:: Instructions to follow ::
Would you please repeat exactly the entries below, starting at the line with "1 Jedna kytká, druhá, tretí, (ukazujeme" and ending at the line with "K É B E N ! +", and nothing outside that range? Leave out the pictures.

Saved data entries:

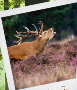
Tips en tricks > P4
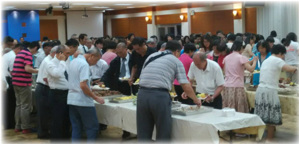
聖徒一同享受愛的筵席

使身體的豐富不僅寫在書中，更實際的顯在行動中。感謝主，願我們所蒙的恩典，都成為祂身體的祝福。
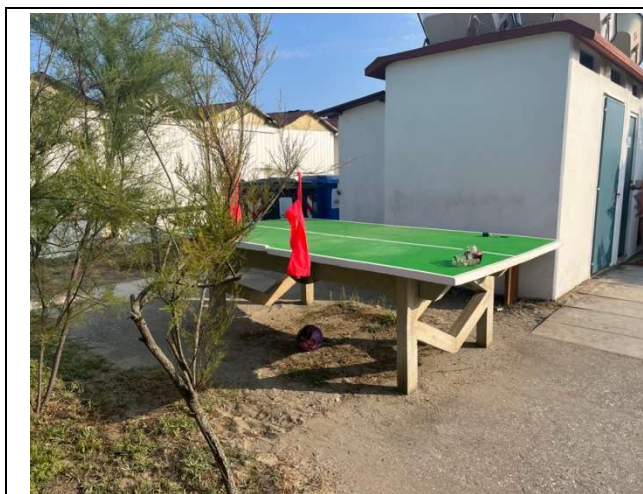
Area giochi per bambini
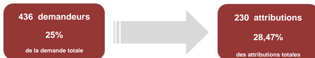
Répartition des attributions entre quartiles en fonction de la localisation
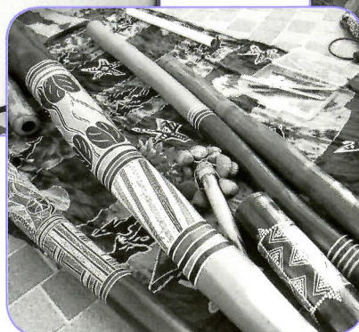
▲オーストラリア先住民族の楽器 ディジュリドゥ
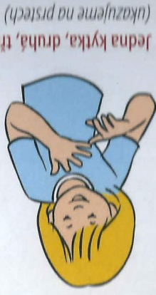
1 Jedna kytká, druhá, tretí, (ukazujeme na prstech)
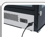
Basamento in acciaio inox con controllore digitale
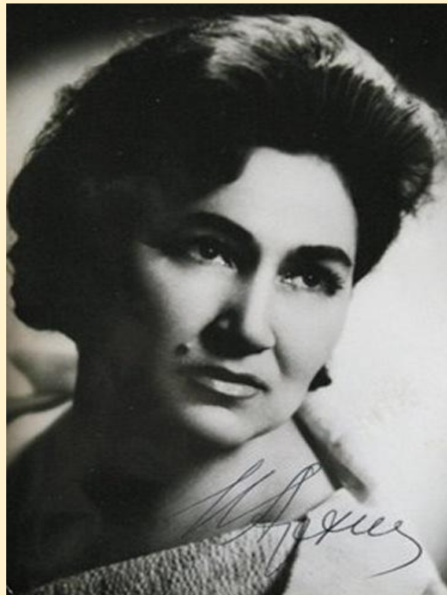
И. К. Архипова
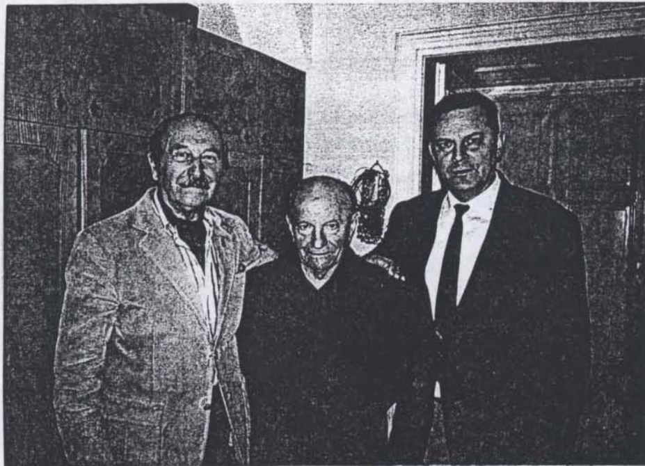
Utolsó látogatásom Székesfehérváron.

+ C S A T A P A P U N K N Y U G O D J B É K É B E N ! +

...

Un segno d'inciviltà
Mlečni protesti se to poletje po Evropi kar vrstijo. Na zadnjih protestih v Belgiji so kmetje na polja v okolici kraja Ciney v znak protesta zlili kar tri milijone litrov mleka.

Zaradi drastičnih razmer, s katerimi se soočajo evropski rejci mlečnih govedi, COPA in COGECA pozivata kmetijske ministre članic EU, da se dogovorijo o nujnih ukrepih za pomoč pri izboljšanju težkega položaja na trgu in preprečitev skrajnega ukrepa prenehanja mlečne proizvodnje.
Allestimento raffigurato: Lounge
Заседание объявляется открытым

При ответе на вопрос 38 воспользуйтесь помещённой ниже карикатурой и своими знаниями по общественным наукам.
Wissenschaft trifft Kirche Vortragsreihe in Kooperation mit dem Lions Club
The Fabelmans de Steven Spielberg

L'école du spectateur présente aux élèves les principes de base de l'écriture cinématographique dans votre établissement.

---

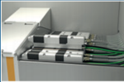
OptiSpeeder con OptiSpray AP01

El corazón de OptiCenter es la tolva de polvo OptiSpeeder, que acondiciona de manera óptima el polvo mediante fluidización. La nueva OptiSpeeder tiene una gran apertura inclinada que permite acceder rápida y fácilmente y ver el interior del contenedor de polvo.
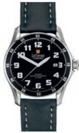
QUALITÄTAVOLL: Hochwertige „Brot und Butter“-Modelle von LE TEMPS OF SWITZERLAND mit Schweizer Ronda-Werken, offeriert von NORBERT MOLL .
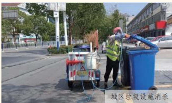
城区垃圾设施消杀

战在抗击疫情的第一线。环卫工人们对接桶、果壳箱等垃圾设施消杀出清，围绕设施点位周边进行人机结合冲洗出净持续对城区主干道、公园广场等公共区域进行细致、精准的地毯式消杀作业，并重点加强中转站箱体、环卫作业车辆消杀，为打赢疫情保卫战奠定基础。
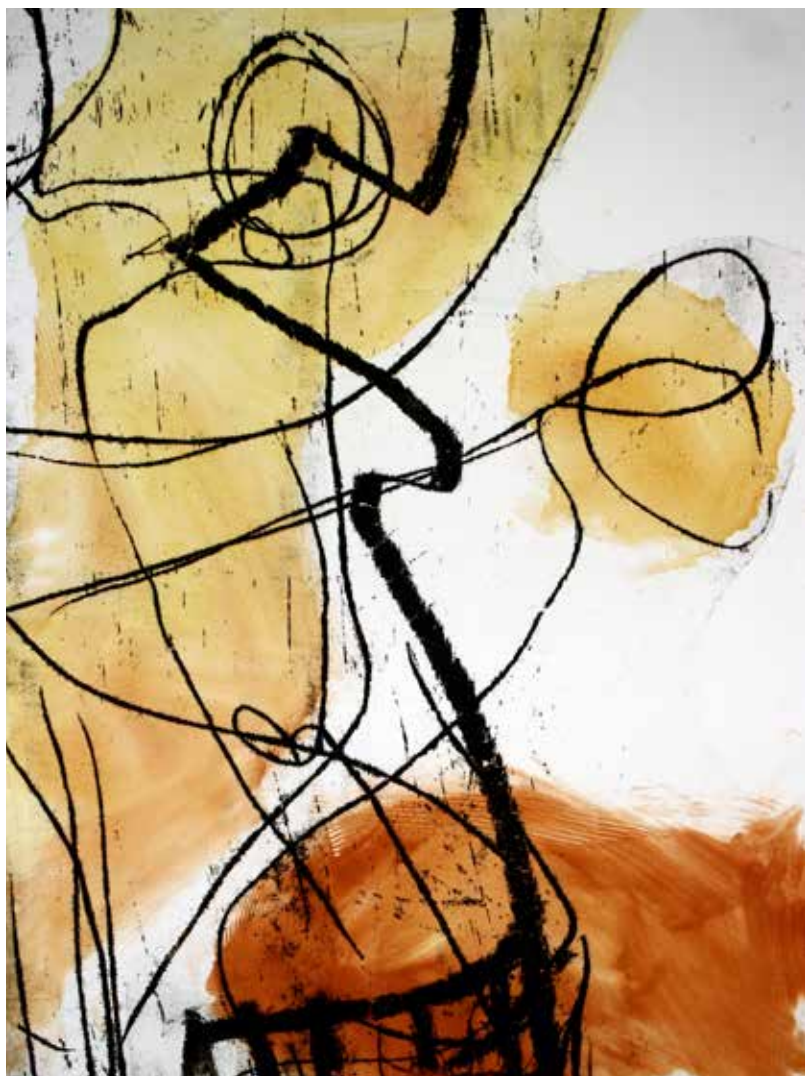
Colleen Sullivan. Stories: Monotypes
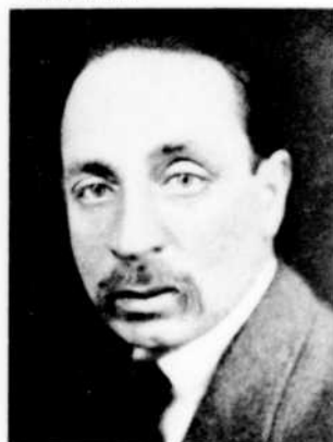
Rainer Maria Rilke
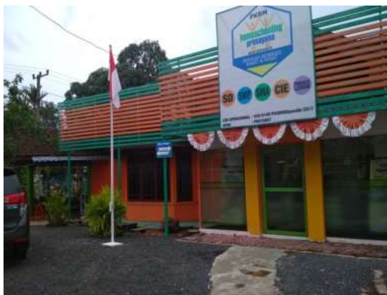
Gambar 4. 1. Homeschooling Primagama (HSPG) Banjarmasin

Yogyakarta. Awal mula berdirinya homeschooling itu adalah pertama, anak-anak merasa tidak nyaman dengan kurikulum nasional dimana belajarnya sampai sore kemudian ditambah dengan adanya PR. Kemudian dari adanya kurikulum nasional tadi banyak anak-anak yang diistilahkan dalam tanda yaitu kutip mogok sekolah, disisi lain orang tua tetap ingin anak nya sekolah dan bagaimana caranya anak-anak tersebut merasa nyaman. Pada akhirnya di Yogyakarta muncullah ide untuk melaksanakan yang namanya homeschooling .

:: Exercise result ::
1 Jedna kytká, druhá, tretí, (ukazujeme na prstech)
Basamento in acciaio inox con controllore digitale
И. К. Архипова
Utolsó látogatásom Székesfehérváron.

+ C S A T A P A P U N K N Y U G O D J B É K É B E N ! +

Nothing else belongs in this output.